| YOUR ASSIGNMENT |
Leave the pictures out. Retype exactly the lines below from the one containing "The one below" through the one containing "Mini Panenka Disney", and no others.

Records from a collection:

● ● ● ●

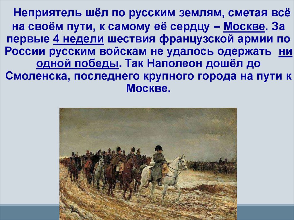Неприятель шёл по русским землям, сметая всёна своём пути, к самому её сердцу – Москве. За
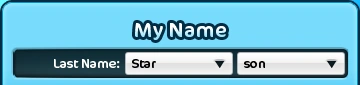 In Star Stable Online the player choose their last name trough a scroll bar. The last name is put together by two different words you can find in the scroll bars. This is a list of all the selectable last names.
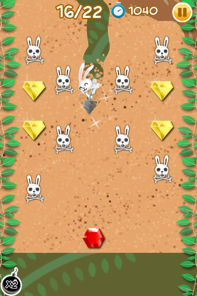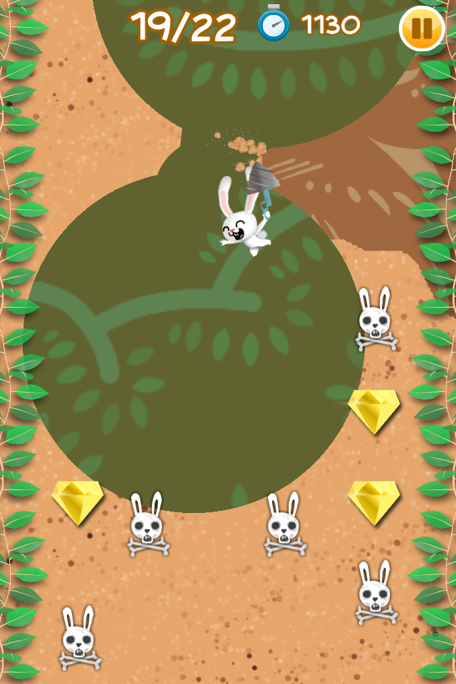 Gesteuert wird dieser durch das Neigen des iPhones und gräbt dann in die gewünschte Richtung. Der Schwierigkeitsgrad steigt stetig. Das eine mal ist ein massiver Fels im Weg oder es muss besonders genau gegraben werden. Driller Bunny ist ein nettes Casual Game für Zwischendurch und sein Geld allemal wert.
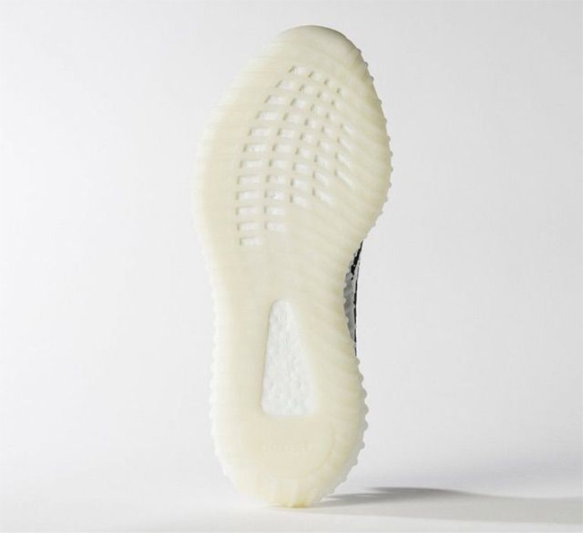 乳白色的鞋底托衬,Primeknit 编织鞋面也以白色作为背景,辅以黑色条纹营造斑马纹理。鞋身侧边依然是红色的 SPLY-350 字样呈现,后跟鞋提也同样回归。
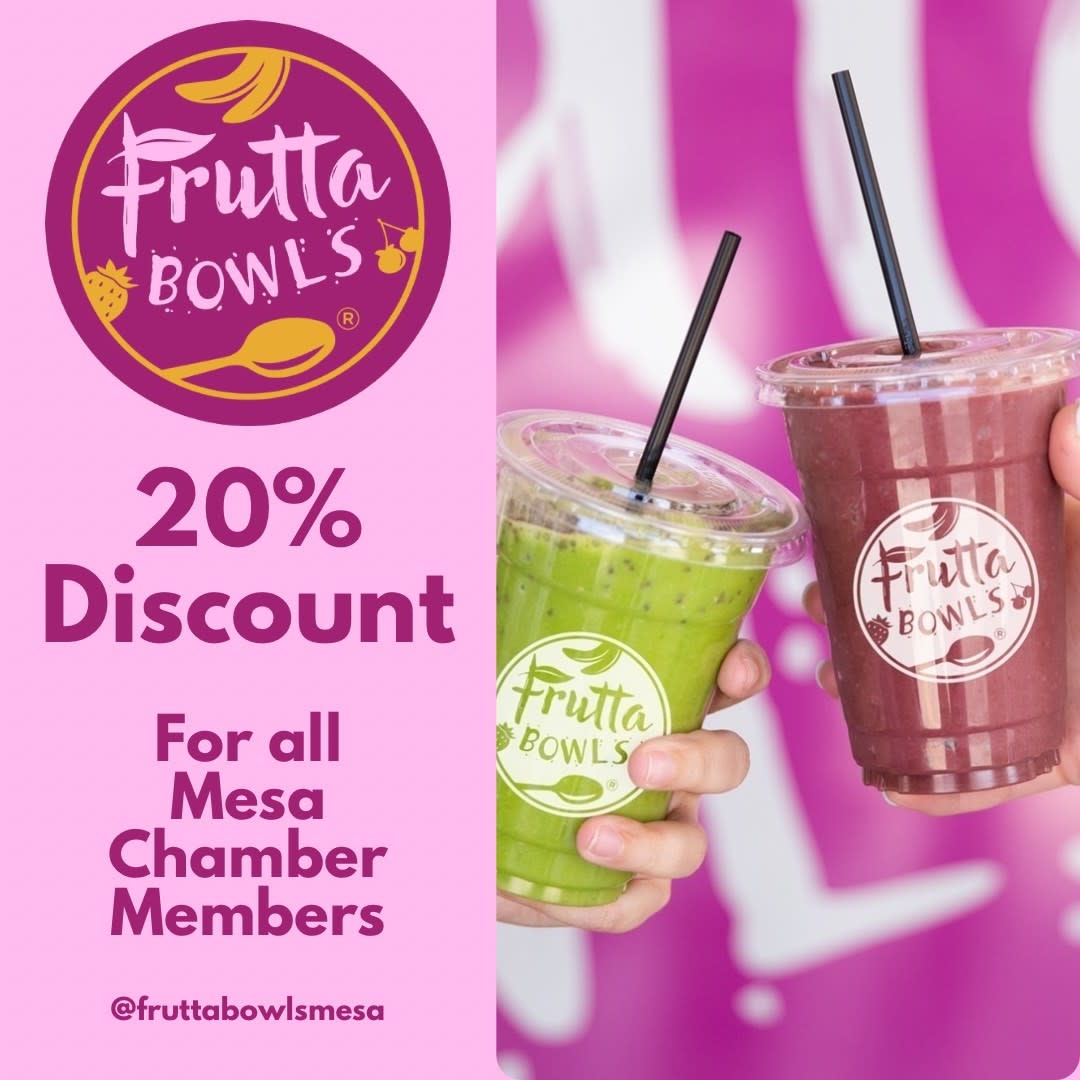Come out and enjoy Frutta Bowls 20% off to all Chamber members!!
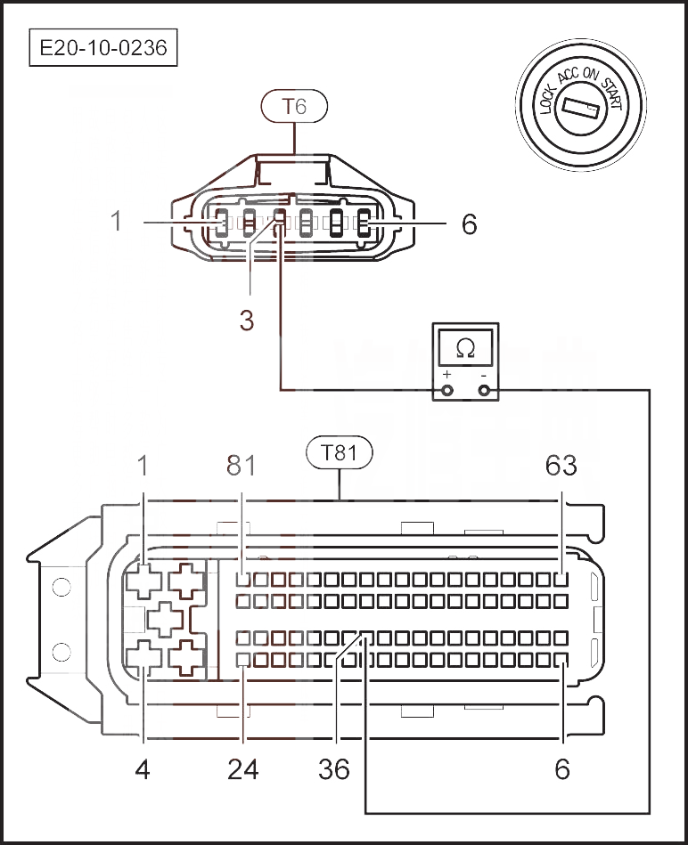 02-08 點火開關至LOCK狀態時,測量電子油門踏板位置傳感器插頭T6的3針腳至發動機控制單元插頭T81的36針腳之間導線是否導通。
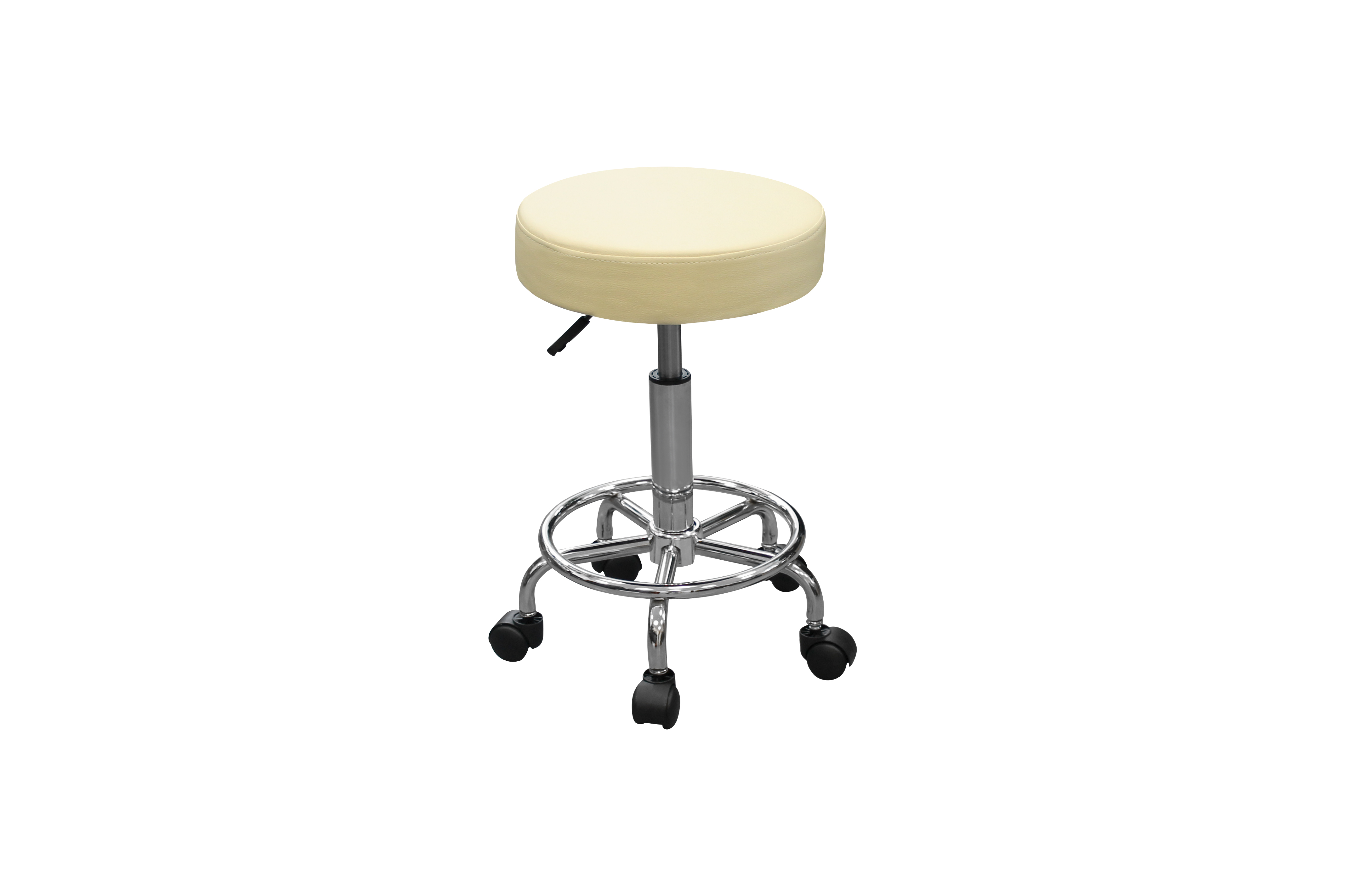 Табурет лабораторный с мягким сиденьем, с кольцом-опорой для ног, на колесных опорах.
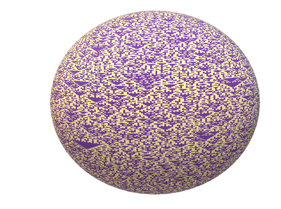 The one below is "Rule 90" CA - the short version and then a few variations - projections onto a torus and a sphere.
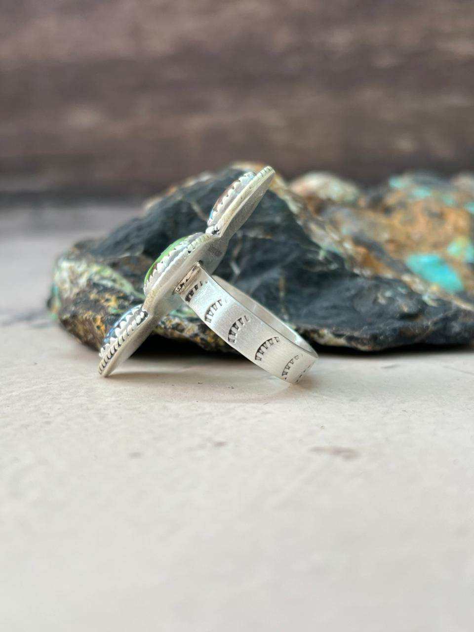 Handmade Sterling Silver Sonoran Mountain with Golden Hills Turquoise Adjustable Ring "Signed Nizhoni"
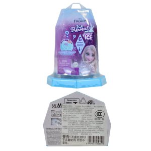Mini Panenka Disney Ledové království Colour Reveal 9 cm – panenka je charakteristická tajemstvím a interaktivním rozbalováním. Panenka je ukryta v neprůhledné vrstvě (např. bílý, sněhu podobný povlak), která se po ponoření do vody smyje a odhalí, kterou postavu (Elsu nebo Annu) a jaký outfit dítě získalo.Balení obvykle obsahuje 6 překvapení – 1× panenka, 1× kamarád (Olaf nebo malý Sven), 4× doplňky (plášť, diadém atd.).
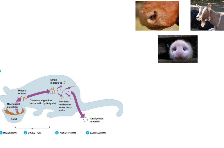 SISTEMA DIGESTÓRIO: BOCA E ANEXOS Função: ✓ Insalivação ✓ Mastigação ✓ Digestão ✓ Absorção ✓ Excreção Boca e anexos: Base óssea, limites da boca e dentes. Constituintes: ✓ Boca e anexos – Dentes, Língua e Glândulas Salivares ✓ Faringe ✓ Esôfago, Estômago e Intestino Delgado e Grosso ✓ Fígado ✓ Pâncreas Divisão: Porções -> pré-diafragmática e pós- diafragmática Classificação quanto a alimentação ✓ Herbívoros: Restrito a alimentos vegetais ✓ Carnívoros: Dieta baseada em carne (Felinos e Caninos) ✓ Onívoros: Dieta mista (vegetal e carne) Suíno, Aves e Humano ✓ Ruminantes: Bovino, Ovino, Caprino ✓ Não ruminantes: Equino, Coelho Planos nos animais domésticos Rostral: suíno Nasolabial: bovino Labial: carnívoros, equinos e pequenos ruminantes Lábios ✓ Auxiliam na sucção ✓ Apreensão do alimento ✓ Órgãos táteis Divisão: maxilar e mandibular Lábios - Duas pregas musculomembranosas que circundam a entra da boca e que se unem nas comissuras labiais. Externamente, o lábio superior apresenta o filtro mediano e inferior, uma proeminência arredondada, o queixo ou mento. Textura e mobilidade de acordo com a forma de alimentação Boca- Espaço delimitado rostralmente pelos lábios e caudalmente pela faringe Função: Apreensão Seleção Salivação Mastigação Defesa Subdivisão Vestíbulo da boca – entre os dentes e os lábios e as bochechas. Cavidade bucal propriamente dita – dos dentes para dentro. Base óssea: osso maxilar, processo palatino do osso maxilar, processo palatino do osso incisivo, mandíbula Delimitações ✓ Rostral: lábios ✓ Dorsal: palato duro e palato mole ✓ Lateral: bochechas ✓ Ventral: assoalho, ápice e corpo da língua ✓ Caudal: arcos palatoglossos e raiz da língua Bochechas Função: condução de alimento até a cavidade oral Estratigrafia : Mucosa,músculo estriado esquelético e glândulas e pele Textura de acordo com tipo de alimentação (papilas bucais - bochecha). Bolsas faciais ou bucais (Primatas e roedores) Papila parotídea Gengivas - parte da mucosa oral que está intimamente unida ao periósteo dos processos alveolares. Nos ruminantes se modifica para formar o pulvino dental. Pálato duro ✓ Rafe palatina ✓ Rugas palatinas ✓ Papila incisiva Pálato mole ✓ Arco palatoglosso ✓ Arco palatofaríngeo Dentes Função: ✓ Corte: (incisivo) ✓ Laceração e Apreensão: (Canino) ✓ Trituração e preensão: (Pré Molares e Molares) ✓ Defesa ✓ Locomoção Coroa: se projeta além do alvéolo; Raiz: contida no alvéolo; Cavidade pupar: no interior; contem vasos, nervos e tecido conjuntivo (polpa dentária); Colo: união entre coroa e raiz, envolvido por gengiva; Formado por substancias mineralizadas (esmalte, dentina e cemento), cuja disposição vai depender do tipo de dente; GONFOSE. Tipos: Incisivo; Canino; Pré Molares e Molares, Classificação quanto a forma: homodonte e heterodonte, Classificação quanto a forma dentária: Monofiodontia, Difiodontia e Polifiodontia Classificação quanto a morfologia da coroa: Braquiodontes (car, su) e Hipsodontes (herb Fórmula dentária Cão: 2 (I 3/3 C 1/1 PM 4/4 M2/3 ) = 42 Gato: 2 (I 3/3 C 1/1 PM 3/2 M1/1 ) = 30 Suíno: 2 (I 3/3 C 1/1 PM 4/4 M3/3 ) = 44 Ruminante: 2 (I0/4 C 0/0 PM 3/3 M3/3 ) = 32 Equino: 2 (I 3/3 C 1/1 PM 3(4)/3 M3/3 ) = 40(2) Língua Localização: no assoalho da cavidade oral propriamente dita, entre os ramos da mandíbula Divisão: raiz (base, fixo); corpo e ápice (móvel) Função: ingresso de alimentos sólidos ou líquidos (principalmente bovinos), órgão sensitivo (tátil, degustação, dor, temperatura), deglutição, ajuda na mastigação, limpeza da pele, perda de calor (principalmente cães) ✓ Constituída por músculos intrínsecos e extrínsecos, revestida por mucosa; ✓ Musculatura intrínseca: dá forma à língua; composta por lâminas longitudinais e perpendiculares; ✓ Musculatura extrínseca: dá mobilidade à língua (retração e exteriorização): → M. genioglosso: liga a mandíbula à língua; → M. hioglosso: liga o hióide à língua; → M. estiloglosso: liga o estilóide do hióide à língua; Papilas - elevações na mucosa. Podem ser: Mecânicas: filiformes, cônicas (rum, car e sui) e lentiformes (rum); Gustativas: valadas, fungiformes e foliáceas (eq, car e sui) Glândulas Salivares 1) Parótidas – próxima à orelha, caudal ao ramo da mandíbula. Ducto parotídeo desemboca no vestíbulo bucal. 2) Mandibulares – o ducto desemboca na carúncula sublingual. 3) Sublinguais – entre o ramo da mandíbula e a língua. Faringe - órgão comum aos sistemas digestório e respiratório. Tem formato quase afunilado: grande extremidade rostral (base) – Cavidade nasal e Oral e pequena extremidade caudal (ápice) - Esôfago. Divisão: 1. Nasofaringe; 2. Orofaringe e 3. Laringofaringe. Comunicações Orofaringe (01); Cavidades nasais (02); Tubas auditivas (02); Laringe (01); Esôfago (01).

● ● ● ●

| RESPONSE TO THE TASK |
 The one below is "Rule 90" CA - the short version and then a few variations - projections onto a torus and a sphere.
 Handmade Sterling Silver Sonoran Mountain with Golden Hills Turquoise Adjustable Ring "Signed Nizhoni"
Mini Panenka Disney Ledové království Colour Reveal 9 cm – panenka je charakteristická tajemstvím a interaktivním rozbalováním. Panenka je ukryta v neprůhledné vrstvě (např. bílý, sněhu podobný povlak), která se po ponoření do vody smyje a odhalí, kterou postavu (Elsu nebo Annu) a jaký outfit dítě získalo.Balení obvykle obsahuje 6 překvapení – 1× panenka, 1× kamarád (Olaf nebo malý Sven), 4× doplňky (plášť, diadém atd.).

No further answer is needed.